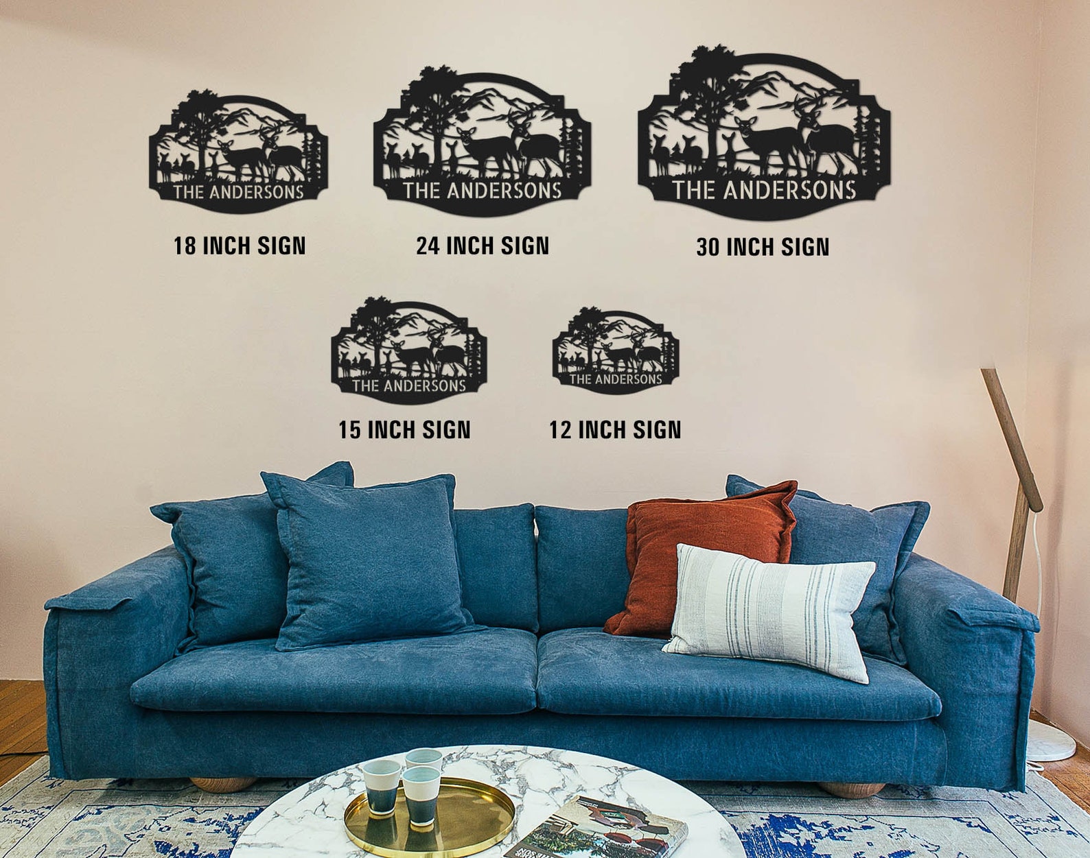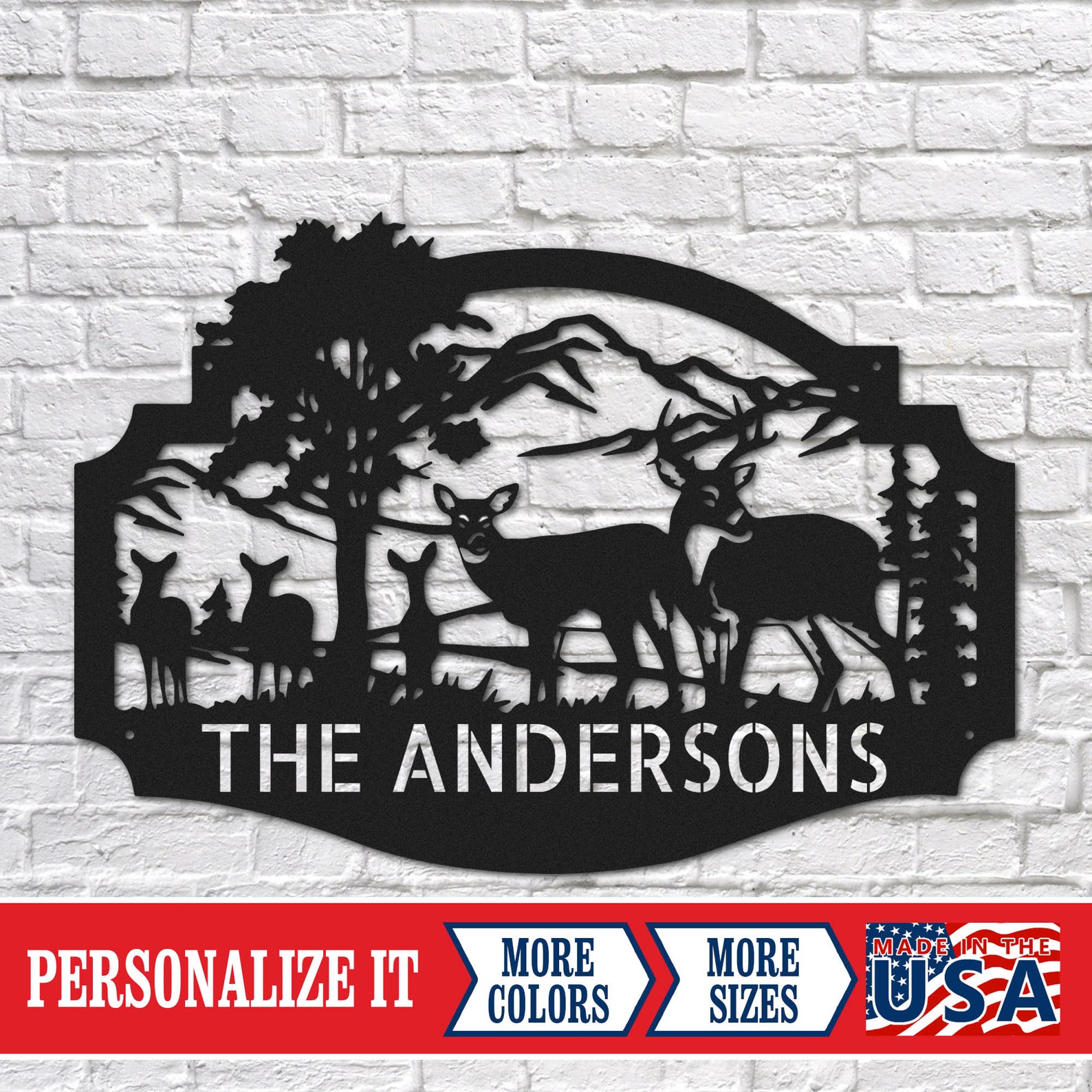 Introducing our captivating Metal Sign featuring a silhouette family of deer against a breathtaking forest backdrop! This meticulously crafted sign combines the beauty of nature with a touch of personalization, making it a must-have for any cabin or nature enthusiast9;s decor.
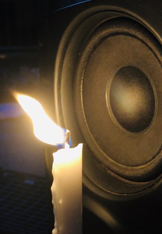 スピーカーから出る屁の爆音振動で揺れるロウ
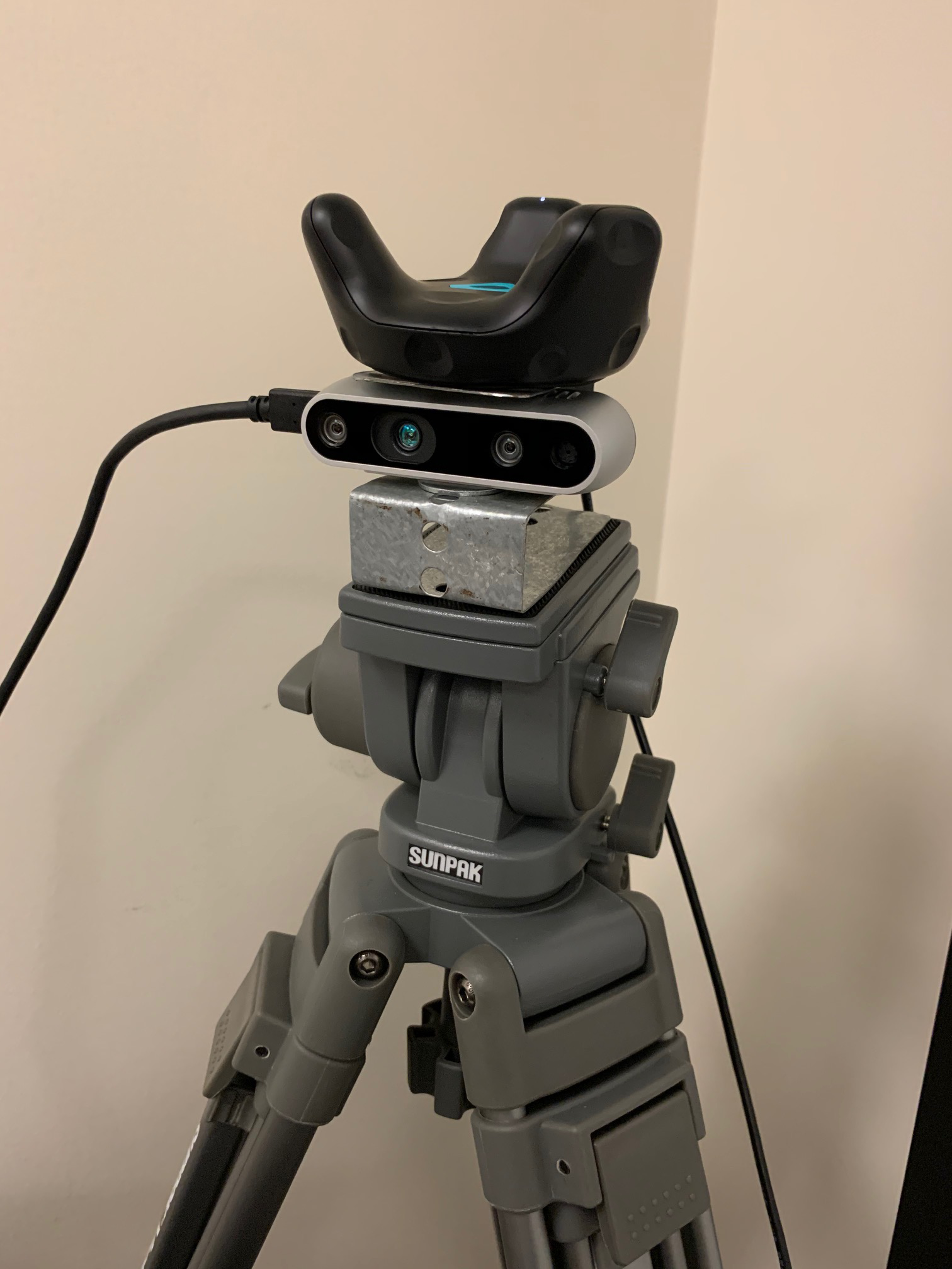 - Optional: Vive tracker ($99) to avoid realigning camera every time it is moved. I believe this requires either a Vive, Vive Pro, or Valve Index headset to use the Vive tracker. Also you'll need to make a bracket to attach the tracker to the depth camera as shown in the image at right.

==

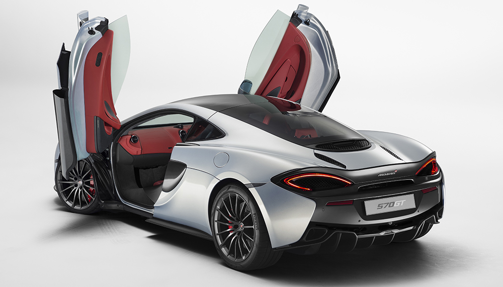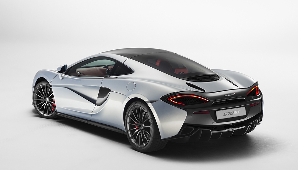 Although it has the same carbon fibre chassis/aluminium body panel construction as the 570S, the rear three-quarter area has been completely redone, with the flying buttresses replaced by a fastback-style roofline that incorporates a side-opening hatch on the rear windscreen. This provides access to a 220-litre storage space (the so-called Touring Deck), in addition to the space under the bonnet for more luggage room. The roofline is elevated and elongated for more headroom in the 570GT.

---

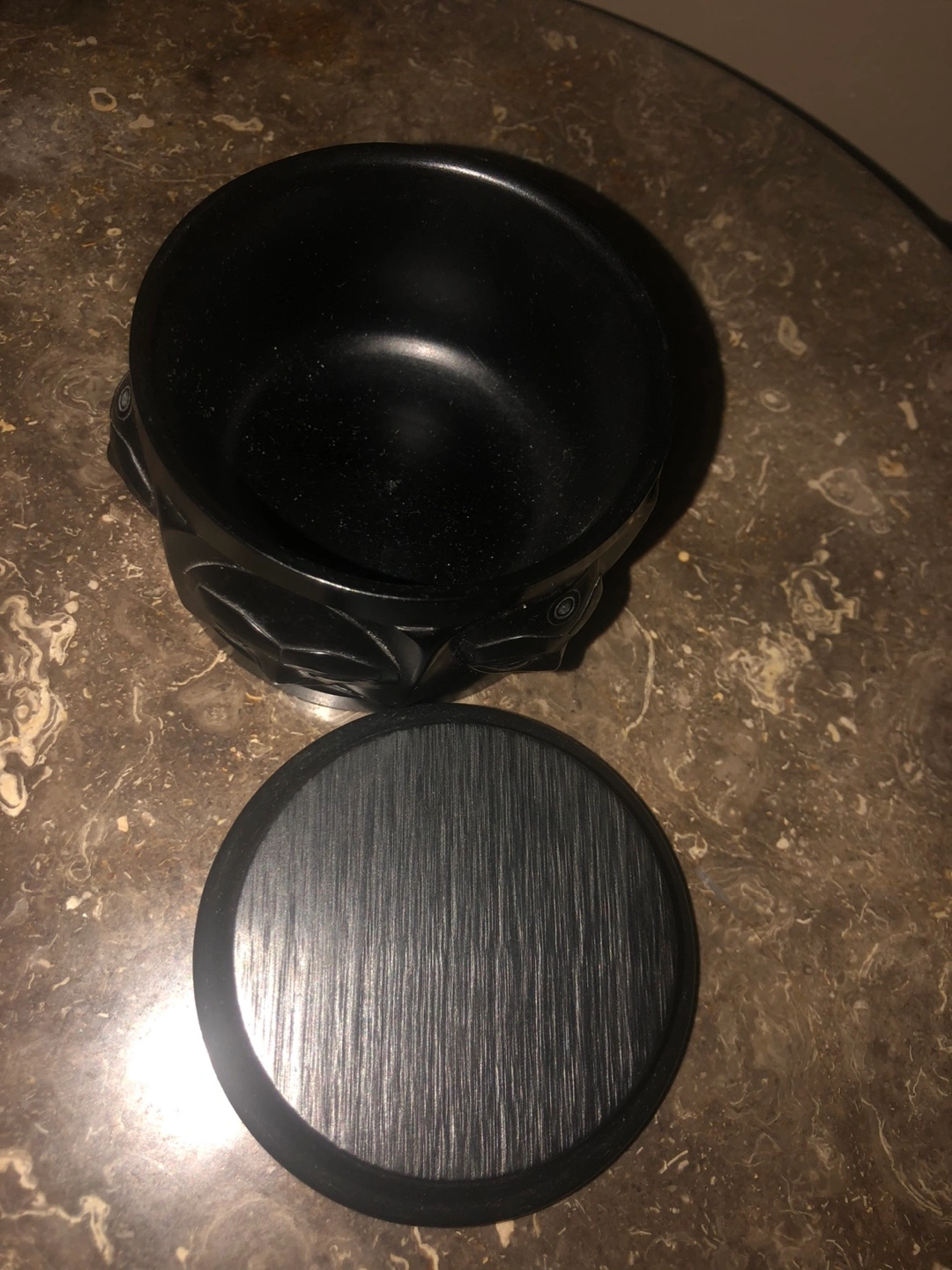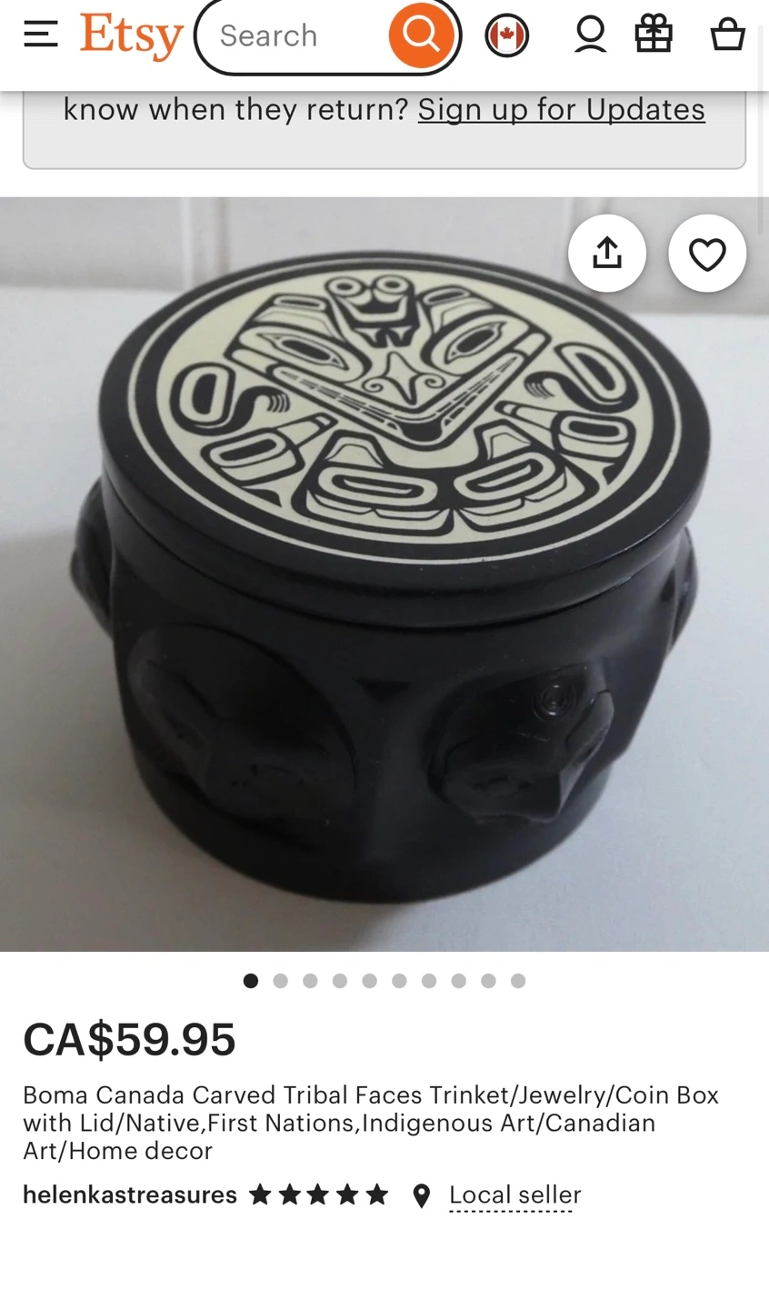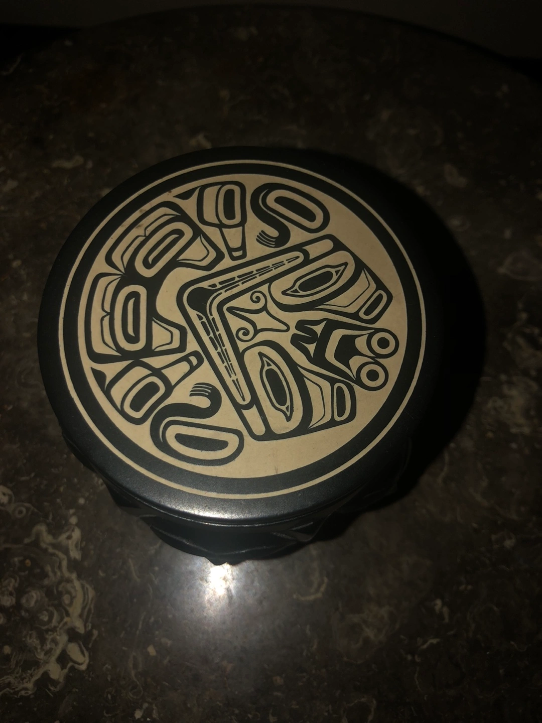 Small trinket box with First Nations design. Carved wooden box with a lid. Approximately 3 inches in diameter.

→ PROBLEM STATEMENT
Looking at the listing above, which lines run from the one containing "Introducing our captivating" through the one containing "- Optional: Vive"? Print exactly those, ends included, pictures excluded.

→ RESULT BELOW
 Introducing our captivating Metal Sign featuring a silhouette family of deer against a breathtaking forest backdrop! This meticulously crafted sign combines the beauty of nature with a touch of personalization, making it a must-have for any cabin or nature enthusiast9;s decor.
 スピーカーから出る屁の爆音振動で揺れるロウ
 - Optional: Vive tracker ($99) to avoid realigning camera every time it is moved. I believe this requires either a Vive, Vive Pro, or Valve Index headset to use the Vive tracker. Also you'll need to make a bracket to attach the tracker to the depth camera as shown in the image at right.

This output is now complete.